Description of the task | Pictures in the data must not be copied, but everything else should be output exactly.

Stored data |
◆ ◆ ◆ ◆ ◆ ◆ ◆
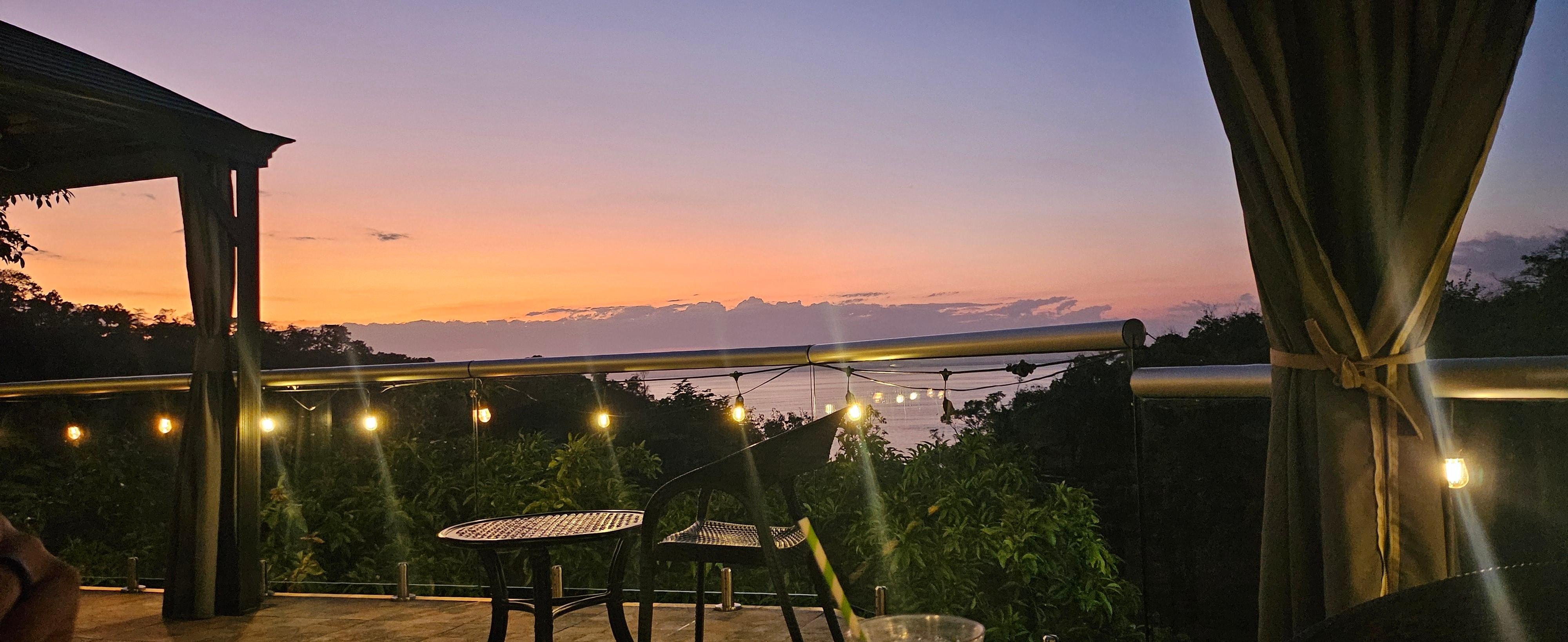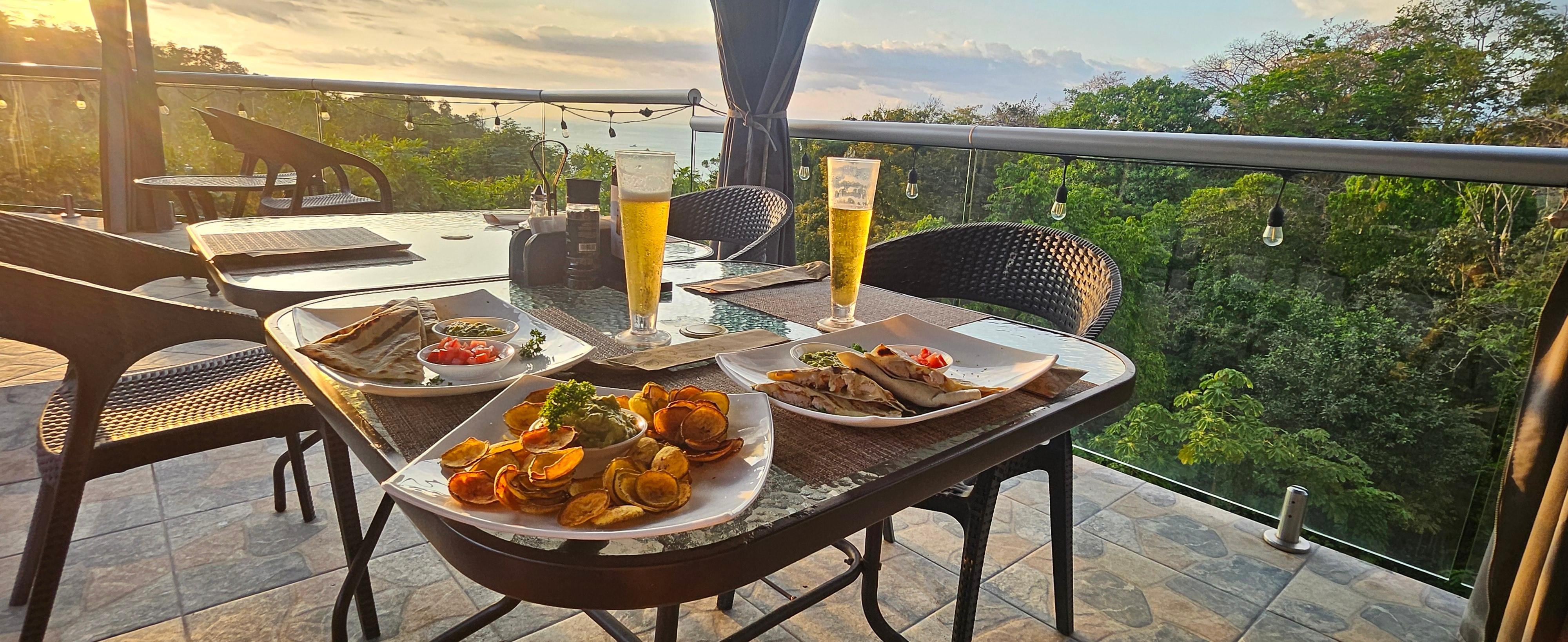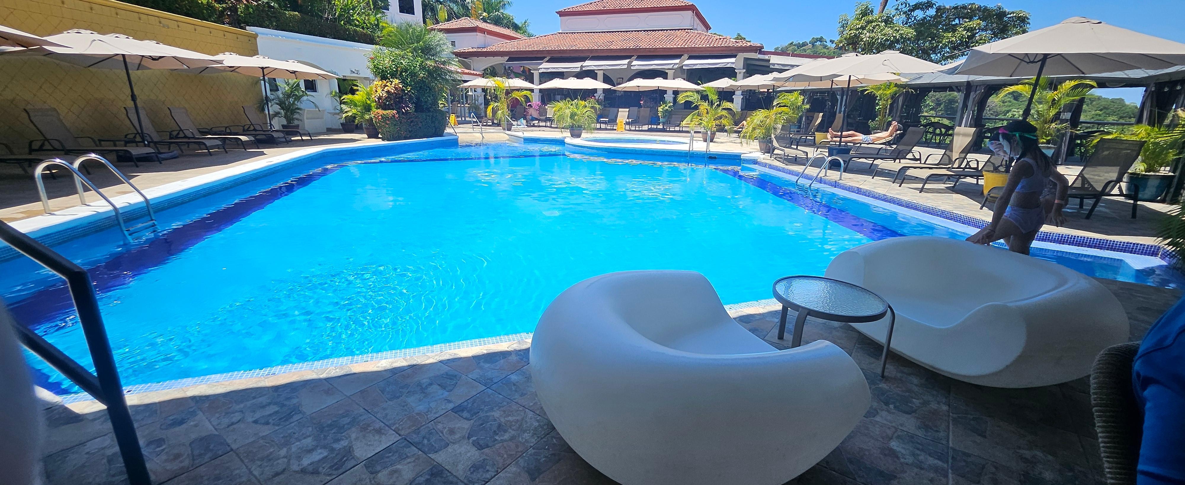 The ocean was visible from the restaurant and pool. Great food at the restaurant. We had the Tico Roll, hamburger, Hawaiian pizza cooked in a wood fire oven and a chicken wrap. All were splendid. Excellent choices at the breakfast buffet. Lovely maintained pool with a bar that had a happy hour. The only drawback was the steep walk to our room, to the beach or to get to the main road which was a km away. It didn't bother us but if you don't like a challenge grab a can. Rides in a golf cart we're provided if needed. Beach was excellent but wear swim shoes because of the lovely lava rock. Plenty of restaurants within the km. The staff was extremely friendly. So happy with our choice.
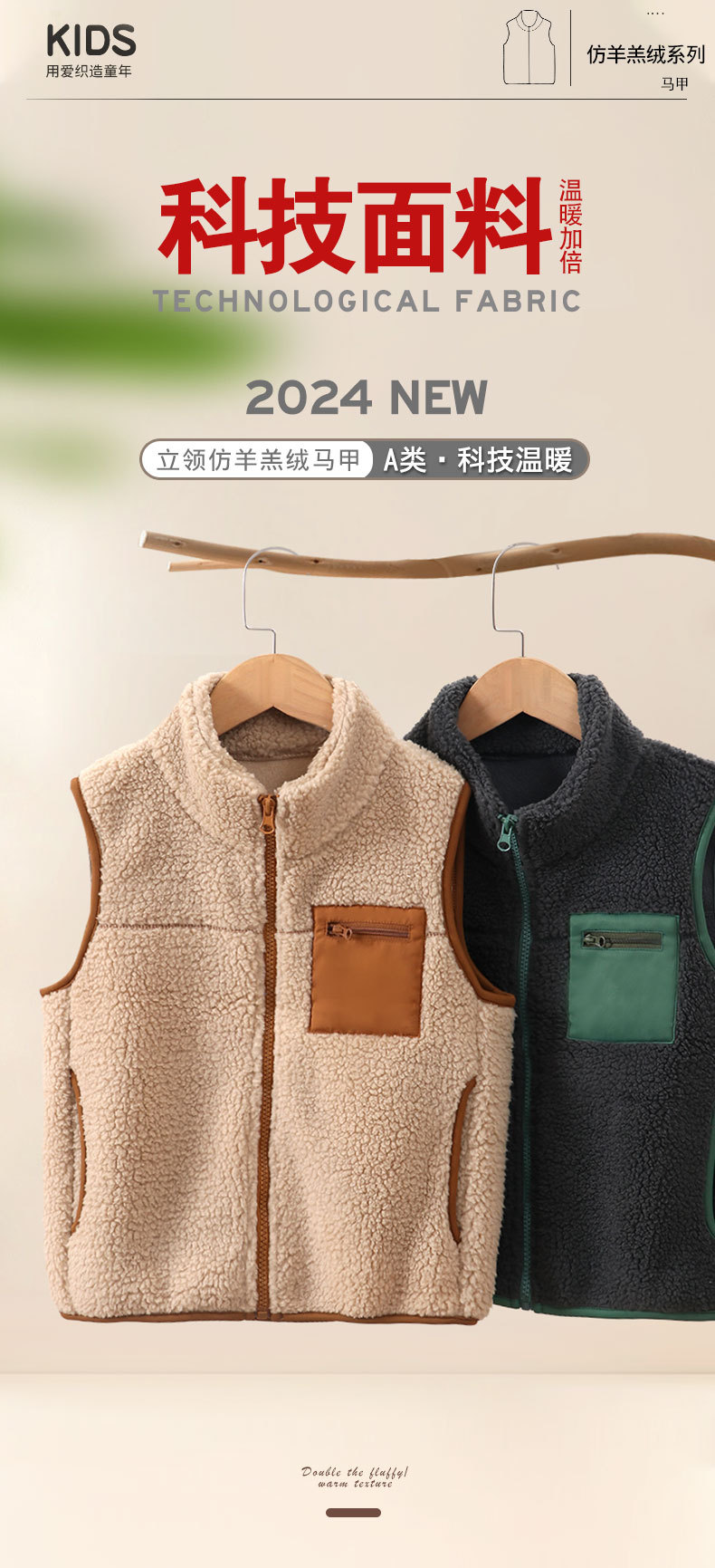 가을과 겨울 기모 두꺼운 곡물 캐시미어 입고 소년 조끼 학생 따뜻한 조끼 중년 어린이 어린이 조끼스토어 가기
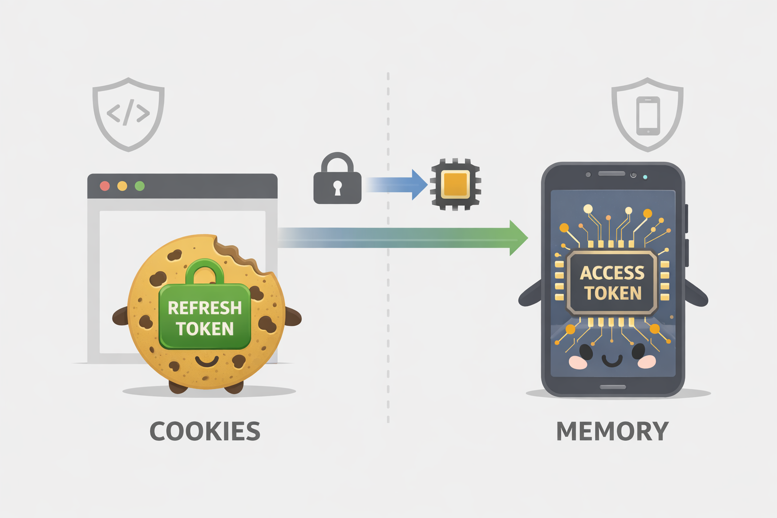 Refresh Token은 HttpOnly 쿠키로 보호하고, Access Token은 메모리에만 두어 빠르게 사용하고 폐기한다. 이 구조는 보안과 UX의 균형을 맞추며, 웹과 앱(WebView/모바일) 모두에 적합한 현실적인 인증 전략이다.
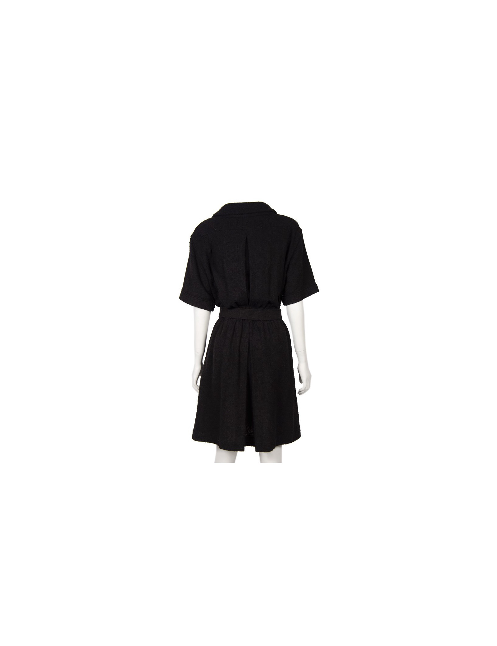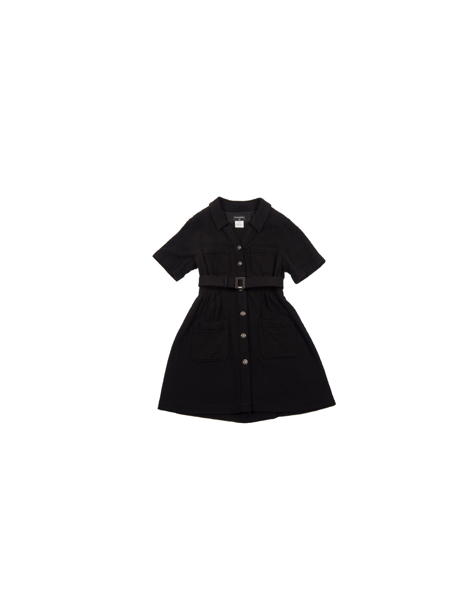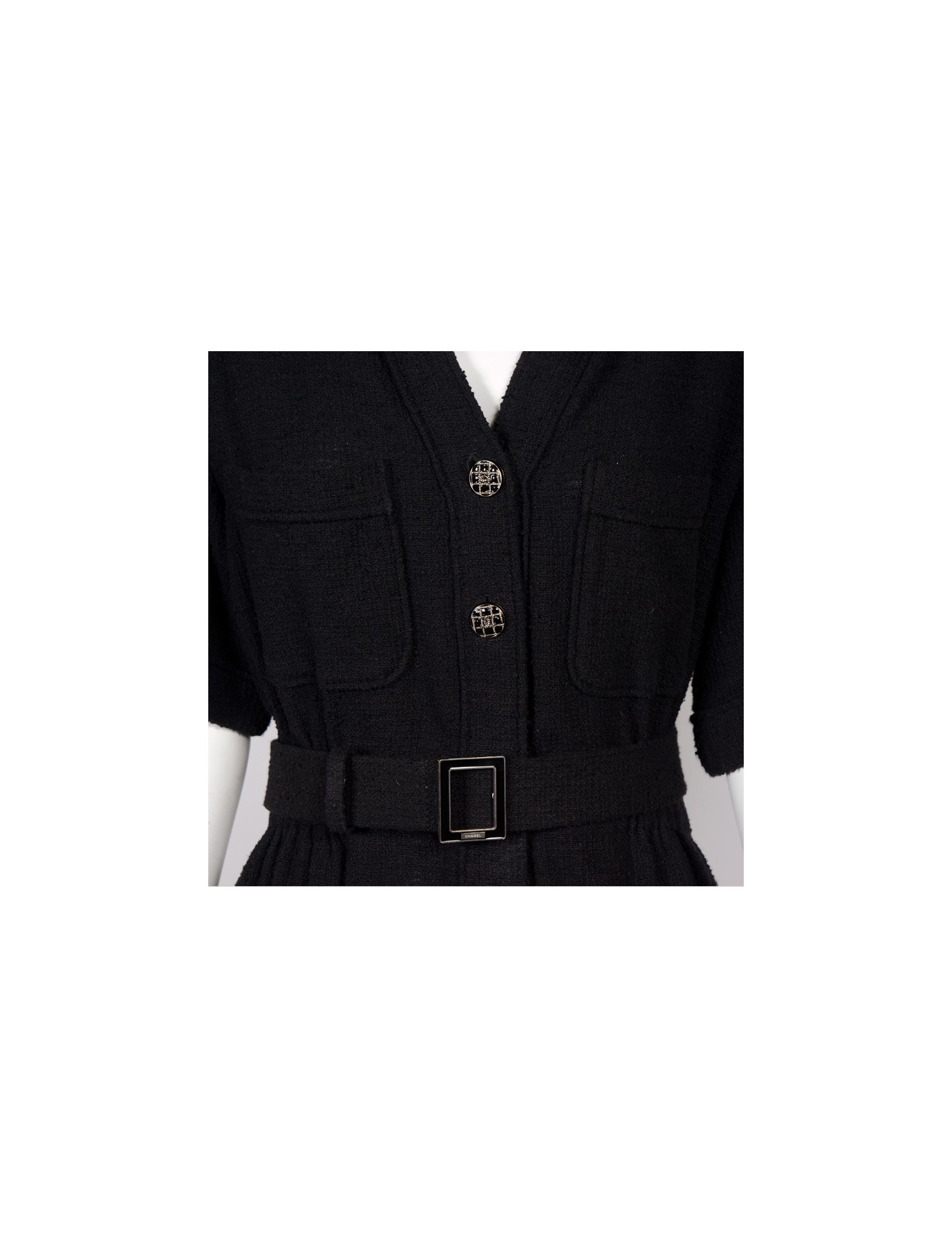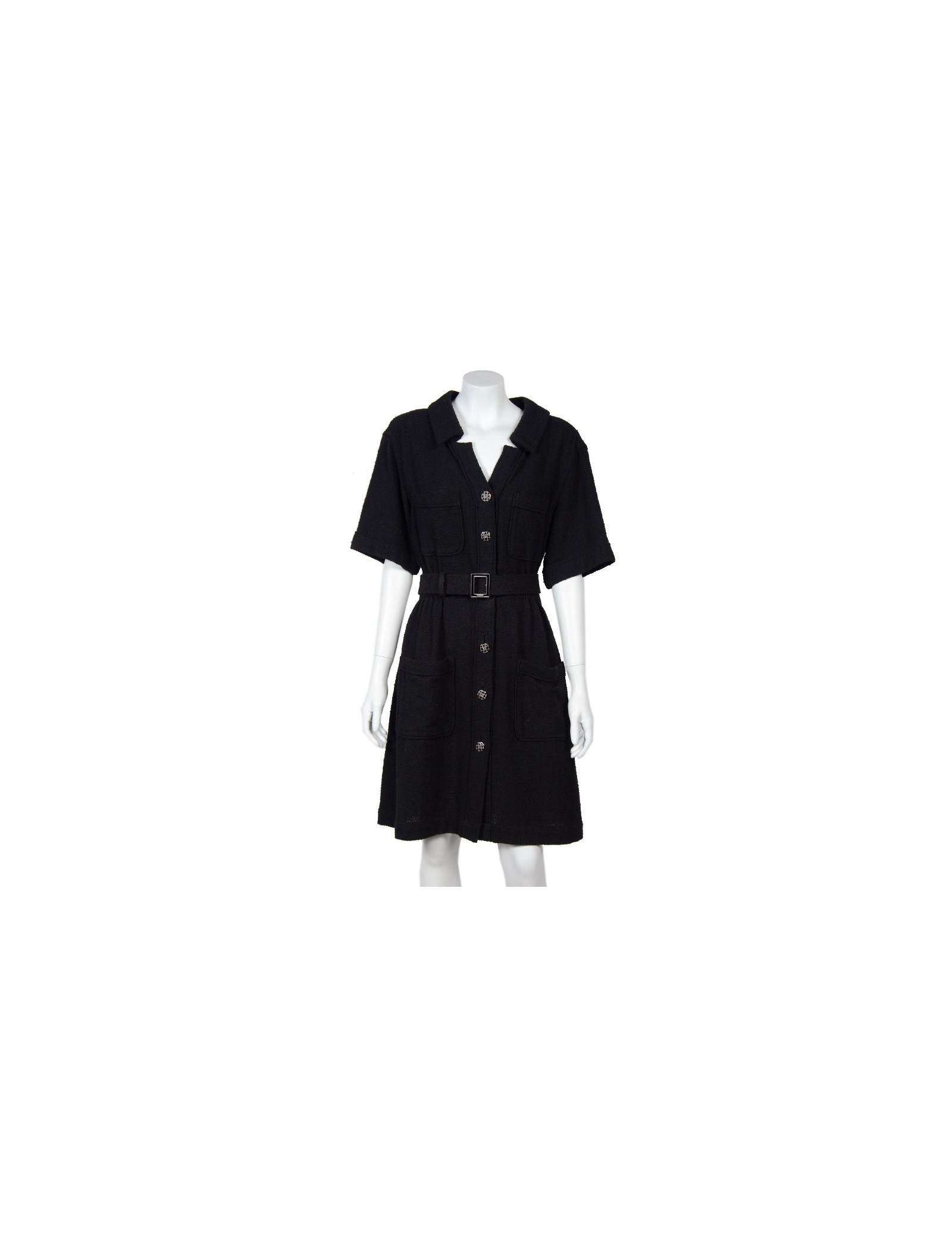 Superbe robe "Paris-Singapour" d'un grand classicisme , taille 42 Chanel en tweed noir. Elle a des manches courtes, deux poches sur la poitrine, une taille resserrée par un gros élastique et deux autres grandes poches. Elle se ferme de haut en bas par des boutons argentés grillagés avec un double "C" au centre. Afin de marquer davantage la taille il y a une ceinture doublée de cuir noir avec une boucle rectangulaire émaillée noire.
◆ ◆ ◆ ◆ ◆ ◆ ◆
Written answer |
 The ocean was visible from the restaurant and pool. Great food at the restaurant. We had the Tico Roll, hamburger, Hawaiian pizza cooked in a wood fire oven and a chicken wrap. All were splendid. Excellent choices at the breakfast buffet. Lovely maintained pool with a bar that had a happy hour. The only drawback was the steep walk to our room, to the beach or to get to the main road which was a km away. It didn't bother us but if you don't like a challenge grab a can. Rides in a golf cart we're provided if needed. Beach was excellent but wear swim shoes because of the lovely lava rock. Plenty of restaurants within the km. The staff was extremely friendly. So happy with our choice.
 가을과 겨울 기모 두꺼운 곡물 캐시미어 입고 소년 조끼 학생 따뜻한 조끼 중년 어린이 어린이 조끼스토어 가기
 Refresh Token은 HttpOnly 쿠키로 보호하고, Access Token은 메모리에만 두어 빠르게 사용하고 폐기한다. 이 구조는 보안과 UX의 균형을 맞추며, 웹과 앱(WebView/모바일) 모두에 적합한 현실적인 인증 전략이다.
 Superbe robe "Paris-Singapour" d'un grand classicisme , taille 42 Chanel en tweed noir. Elle a des manches courtes, deux poches sur la poitrine, une taille resserrée par un gros élastique et deux autres grandes poches. Elle se ferme de haut en bas par des boutons argentés grillagés avec un double "C" au centre. Afin de marquer davantage la taille il y a une ceinture doublée de cuir noir avec une boucle rectangulaire émaillée noire.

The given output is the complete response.